═══ AVAILABLE DATA ═══

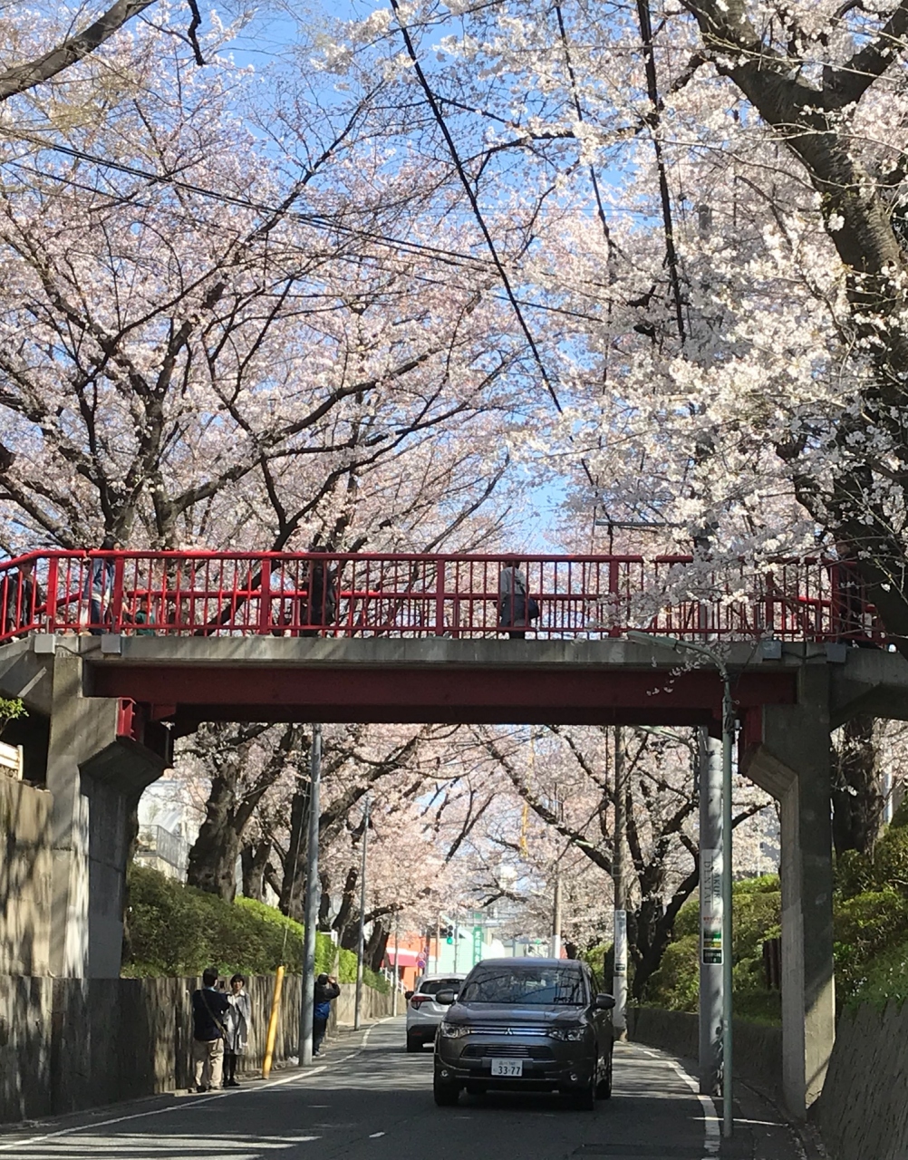 桜坂の中ほどには、人が行き来するための赤い橋がかかっていて、絶えず人の姿がありました。
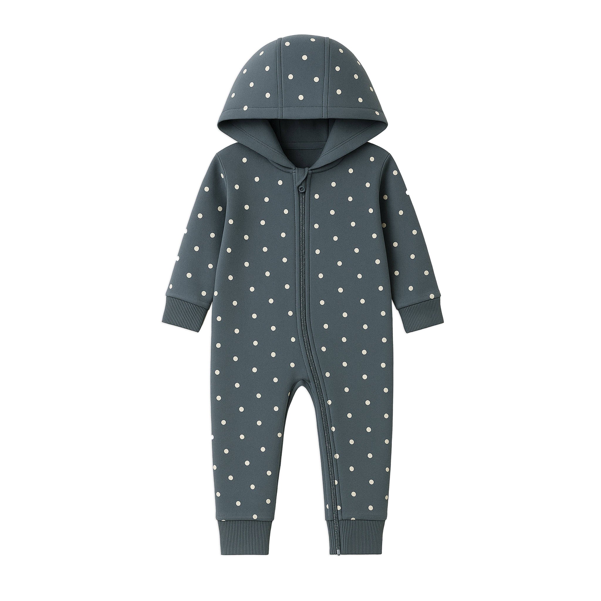 Product images shown are digital renderings. Final colors, textures, or details may vary slightly. This comfy-cozy romper is a cooler temp must-have! Bonus details add to the coziness with its hood and back pocket design. Mindfully made with a front-opening two-way guarded zipper, ribbed cuffs, soft elastic leg openings, and crotch gusset for easy, hassle-free changes. * Made of 100% organic cotton fabric * Rib with elastane sleeve and leg cuffs * Nickel-free snaps * Water-based dyes ensuring long-lasting color
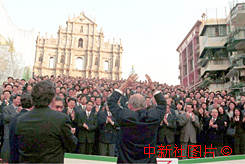 【中新社澳門十二月九日電】回歸特寫:相聚大三巴,向澳門告別 中新社記者 田惠明 王曉暉 因為即將來到的別離,澳門總督韋奇立和澳葡政府的全體官員今日下午,夕陽之時相聚在大三巴。 大三巴有三百多年歷史,其間曾三次被火災(zāi)襲擊,而後,殘留的一片前壁被修復(fù)保留至今。 今天,在大三巴前的七十級臺階上,在夕陽余暉之下,站滿了澳葡政府五百多名官員。葡萄牙駐澳門的最後一位總督韋奇立站在了最前排。這是一張最後的“全家!。 上百名記者記錄下這一歷史鏡頭。合影之後,韋奇立回身,向和他共事了八年的官員們做了一個很特別的手勢:雙手高舉,并豎起了大拇指。他的手勢引起一片掌聲。然後,韋奇立先生拾級而上,走過他下屬的身邊,走向舉目可見的大炮臺。 三個月前,何厚鏵先生在大三巴前放飛白鴿。那是一九九九年九月九日,澳門各界迎回歸倒計時一百天系列活動拉開序幕。今天,韋奇立先生在大三巴前微笑留影,標(biāo)志著澳葡政府告別儀式正式展開。 據(jù)知,在今後十一天中,澳葡政府還有一系列告別活動。向大三巴告別,向大炮臺告別,向澳葡政府官員告別,是韋奇立先生告別澳門,告別這一段歷史的第一次揮手。 大炮臺相距大三巴不遠(yuǎn)。大炮臺的高墻內(nèi),榕樹依依,綠草茵茵。韋奇立和澳葡政府官員的聚會就在這里舉行。韋奇立的巨幅照片做成的標(biāo)志牌立在聚會會場的門囗,草坪上,軍樂隊的進(jìn)行曲正奏得激越。 這時,有媒體記者要求采訪韋奇立,但韋奇立擺擺手,拒絕了他。然後又似乎想起什么,回過頭,向那位記者歉然地微笑了一下。 韋奇立先生的表情模糊,顯然心緒復(fù)雜,他在澳門黃昏的美麗中說:今天,是對澳門過去的總結(jié),將要來臨的是一個新時代。他還提到何厚鏵,稱他年輕能干,是澳門人的驕傲,會繼續(xù)推進(jìn)澳門的進(jìn)步。 澳葡政府行政及公職司李麗如女士代表澳葡政府官員講話,她說澳門公共行政的所有領(lǐng)導(dǎo)及主管公認(rèn)總督先生是一位卓越的政治家。 她說,因為他的領(lǐng)導(dǎo)才能十分卓越,并懂得如何排除萬難,把澳門這葉扁舟順利駛向目的之港。 回歸日近的澳門,滿眼開的都是荷花,到處飛的都是燕子,回歸的字樣歲處可見。天氣預(yù)報顯示:澳門天氣晴好,一片陽光燦爛。(完) |

═══

An exact copy of the data is required, with the pictures excluded.

 桜坂の中ほどには、人が行き来するための赤い橋がかかっていて、絶えず人の姿がありました。
 Product images shown are digital renderings. Final colors, textures, or details may vary slightly. This comfy-cozy romper is a cooler temp must-have! Bonus details add to the coziness with its hood and back pocket design. Mindfully made with a front-opening two-way guarded zipper, ribbed cuffs, soft elastic leg openings, and crotch gusset for easy, hassle-free changes. * Made of 100% organic cotton fabric * Rib with elastane sleeve and leg cuffs * Nickel-free snaps * Water-based dyes ensuring long-lasting color
 【中新社澳門十二月九日電】回歸特寫:相聚大三巴,向澳門告別 中新社記者 田惠明 王曉暉 因為即將來到的別離,澳門總督韋奇立和澳葡政府的全體官員今日下午,夕陽之時相聚在大三巴。 大三巴有三百多年歷史,其間曾三次被火災(zāi)襲擊,而後,殘留的一片前壁被修復(fù)保留至今。 今天,在大三巴前的七十級臺階上,在夕陽余暉之下,站滿了澳葡政府五百多名官員。葡萄牙駐澳門的最後一位總督韋奇立站在了最前排。這是一張最後的“全家!。 上百名記者記錄下這一歷史鏡頭。合影之後,韋奇立回身,向和他共事了八年的官員們做了一個很特別的手勢:雙手高舉,并豎起了大拇指。他的手勢引起一片掌聲。然後,韋奇立先生拾級而上,走過他下屬的身邊,走向舉目可見的大炮臺。 三個月前,何厚鏵先生在大三巴前放飛白鴿。那是一九九九年九月九日,澳門各界迎回歸倒計時一百天系列活動拉開序幕。今天,韋奇立先生在大三巴前微笑留影,標(biāo)志著澳葡政府告別儀式正式展開。 據(jù)知,在今後十一天中,澳葡政府還有一系列告別活動。向大三巴告別,向大炮臺告別,向澳葡政府官員告別,是韋奇立先生告別澳門,告別這一段歷史的第一次揮手。 大炮臺相距大三巴不遠(yuǎn)。大炮臺的高墻內(nèi),榕樹依依,綠草茵茵。韋奇立和澳葡政府官員的聚會就在這里舉行。韋奇立的巨幅照片做成的標(biāo)志牌立在聚會會場的門囗,草坪上,軍樂隊的進(jìn)行曲正奏得激越。 這時,有媒體記者要求采訪韋奇立,但韋奇立擺擺手,拒絕了他。然後又似乎想起什么,回過頭,向那位記者歉然地微笑了一下。 韋奇立先生的表情模糊,顯然心緒復(fù)雜,他在澳門黃昏的美麗中說:今天,是對澳門過去的總結(jié),將要來臨的是一個新時代。他還提到何厚鏵,稱他年輕能干,是澳門人的驕傲,會繼續(xù)推進(jìn)澳門的進(jìn)步。 澳葡政府行政及公職司李麗如女士代表澳葡政府官員講話,她說澳門公共行政的所有領(lǐng)導(dǎo)及主管公認(rèn)總督先生是一位卓越的政治家。 她說,因為他的領(lǐng)導(dǎo)才能十分卓越,并懂得如何排除萬難,把澳門這葉扁舟順利駛向目的之港。 回歸日近的澳門,滿眼開的都是荷花,到處飛的都是燕子,回歸的字樣歲處可見。天氣預(yù)報顯示:澳門天氣晴好,一片陽光燦爛。(完) |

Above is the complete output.